Background
Nash was born in Opelousas (the seat of Street Landry Parish) in south Louisiana.
Nash was born in Opelousas (the seat of Street Landry Parish) in south Louisiana.
He attended the common schools and was a bricklayer by trade.
He was Louisiana"s first African American Congressman and would remain the state"s only black United States. Representative for more than a century — until 1991, when William J. Jefferson"s tenure in the 2nd Louisiana District began. During the American Civil War, he enlisted in 1863 as a private in the Eighty-second Regiment, United States Volunteers, and was promoted to the rank of sergeant major. (This regiment is listed in the United States Colored Troops in the Mobile Campaign Union order of battle) Nash was severely wounded near the end of the war, at the Battle of Fort Blakely in Alabama, April 1865.
He lost part of his legal
After the war Charles Nash was a businessman and was appointed night inspector of United States. customs. Nash was elected as a Republican to the Forty-fourth Congress (March 4, 1875 – March 3, 1877).

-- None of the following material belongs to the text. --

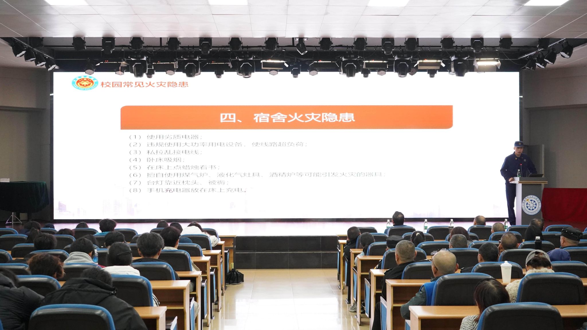 讲座中,张建东从消防基础理论切入,详细解读了《中华人民共和国消防法》的制定背景与核心宗旨,阐释了“预防为主,防消结合”的消防工作方针。他特别强调,火灾报警时需准确说明起火地点、燃烧物类型、火势大小等关键信息,为高效救援争取时间。针对校园人员密集的特点,他重点剖析了教室、实验室、图书馆、宿舍等重点场所的火灾隐患,其中宿舍违规使用大功率电器、插线板老化过载等问题被列为防控重点。通过对多起典型校园火灾案例的复盘分析,他让在场师生直观感受到消防安全的重要性,进一步强化风险防范意识。
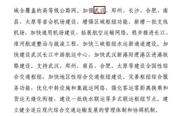 1、支持武汉、郑州、南昌、合肥、太原等,建设全国性综合交通枢纽。

He was unsuccessful as a candidate for reelection in 1876, as Redeemers regained control of Louisiana politics. He served briefly as postmaster at Washington in Saint Landry Parish, Louisiana, during the Chester A. Arthur administration, only from February 15 to May 1, 1882.
Charles Edmund Nash died in New Orleans at the age of sixty-nine.
He was interred there in Saint Louis Cemetery Number.